And his granddam is the last bitch pictured in my other post (who is sired by Atlas the white GSD).


----------



## Vinnie (Sep 4, 2001)

Hey, I know a few good showline breeders up here who's dogs aren't "crippled" (no good working line breeders - yet). I'll have to look up their kennel names & contact info and will either PM or post them for you. 

Two off the top of my head would be;

Beth & Bill Hansen at Katzel Kennels up by me in Cambridge.

Home 

Their dogs are mostly European showlines with a bit of working lines. Very nice people and their dogs can also "work". I would definitely check them out.

Another one I'd check with is Callie Smuder at Sable Rock. 

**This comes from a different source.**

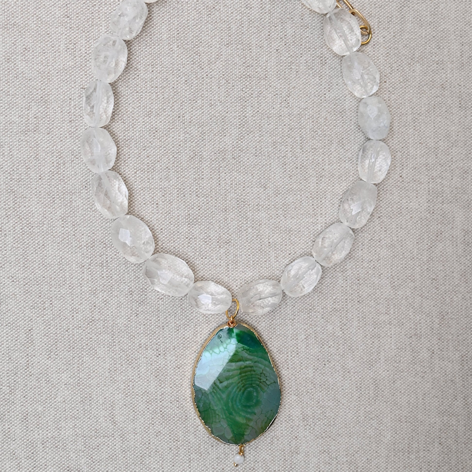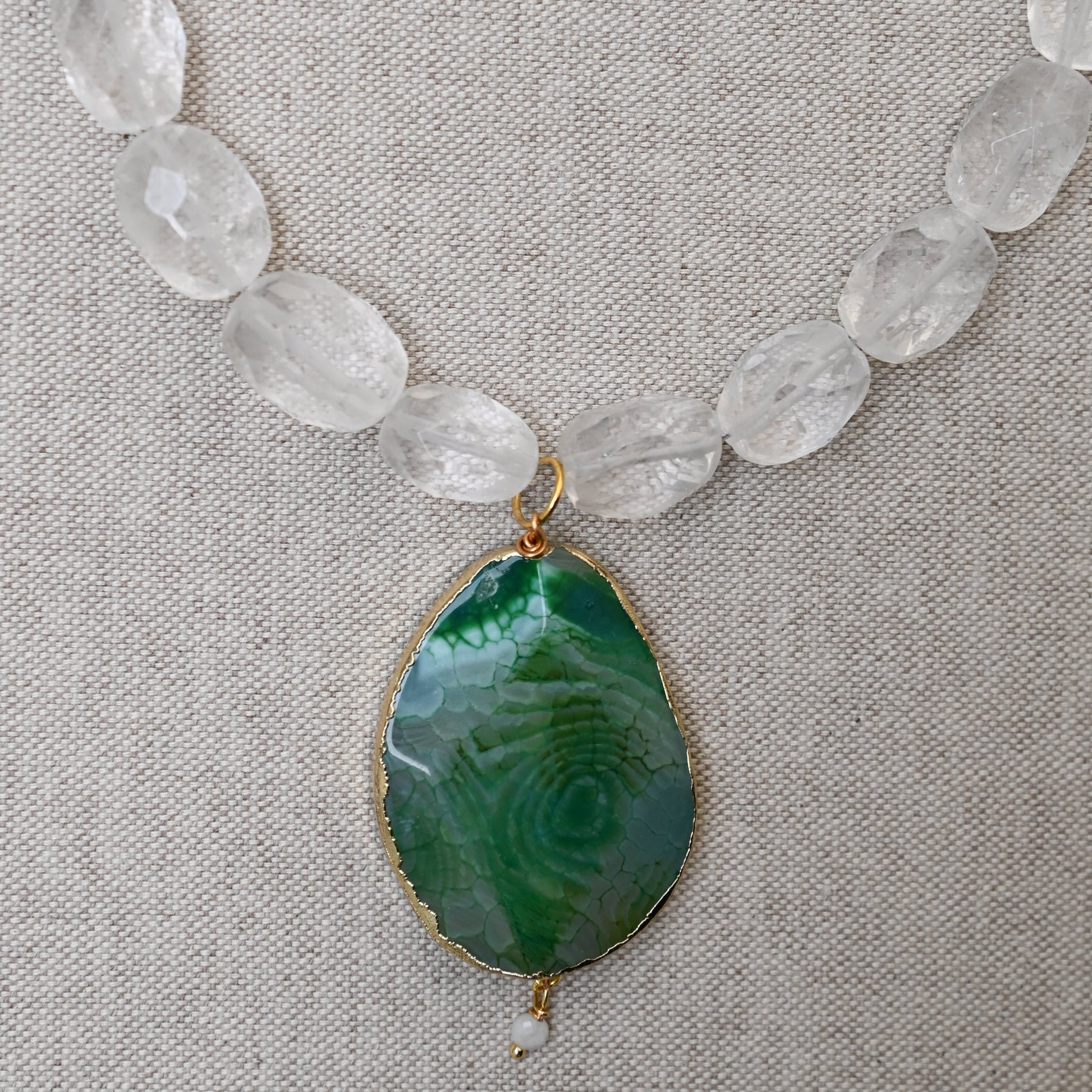 A large Malachite oval pendant hangs from a luxurious crystal quartz strand. Stunning as a statement piece, whether at a cafe in Paris or dining oceanside.

German Shepherd Puppies / German Shepherds for Sale 

She has both American and German Showlines.


----------



## Polistes (Feb 14, 2011)

> Beth & Bill Hansen at Katzel Kennels up by me in Cambridge.

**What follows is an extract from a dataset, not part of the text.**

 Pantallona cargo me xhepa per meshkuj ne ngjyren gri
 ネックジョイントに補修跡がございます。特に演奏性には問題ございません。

I was looking at this place online just the other day, definetly on my list to visit when the time comes.


----------



## Vinnie (Sep 4, 2001)

> There are no good workingline breeders closer than Chicago.

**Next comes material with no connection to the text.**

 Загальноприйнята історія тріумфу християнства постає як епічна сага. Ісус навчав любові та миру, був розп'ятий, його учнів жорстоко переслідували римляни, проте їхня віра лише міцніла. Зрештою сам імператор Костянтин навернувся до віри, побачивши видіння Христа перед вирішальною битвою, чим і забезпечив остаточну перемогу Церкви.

Just noticed that and would disagree. There is a pretty good workingline breeder next door in WI if that's what you're looking for but you're looking for showlines, correct?

Rei, who's the breeder you're talking about? You can post their name here or PM me if you'd rather. Thanks.


----------



## Rei (Oct 10, 2008)

Vinnie said:


> Hey, I know a few good showline breeders up here who's dogs aren't "crippled" (no good working line breeders - yet). I'll have to look up their kennel names & contact info and will either PM or post them for you.
> 
> Two off the top of my head would be;
> 
> ...





Polistes said:


> I was looking at this place online just the other day, definetly on my list to visit when the time comes.


I am sending both of you two a PM regarding these two breeders. I have to go through a few e-mails first to confirm some things - please check your inbox within the next day.

Callie actually also breeds working lines (mostly Czech) as a part of her Sable Rock breeding program. She breeds White Shepherds under the name White Stone as well, although I am not sure if you are interested in WSs.


----------



## ExcellenceKennels (Feb 28, 2011)

*American Showline Dogs from Minnesota*

I am more then pleased to own an American showline GSD... I'm was also delighted to see pictures of two of my dogs posted on the forum. I own UR01 USJCH BIMBS GRCH Eclipse DedicationtoExcellence, CGC, "Dex" who at under a year and a half, has managed to finish 2010 ranked 9th in UKC for GSD's, finished a rally title, finished a senior level dock diving title, championed in dock diving, and now holds the GSD record for Ultimate Air Dogs, for dock diving with GSD's. We also own, CH Eclipse BittersweetExcellence, CGC "Elle"... a very well put together GSD...she is only 8 months old, and has Championed with UKC, and is also turning out to be a future star!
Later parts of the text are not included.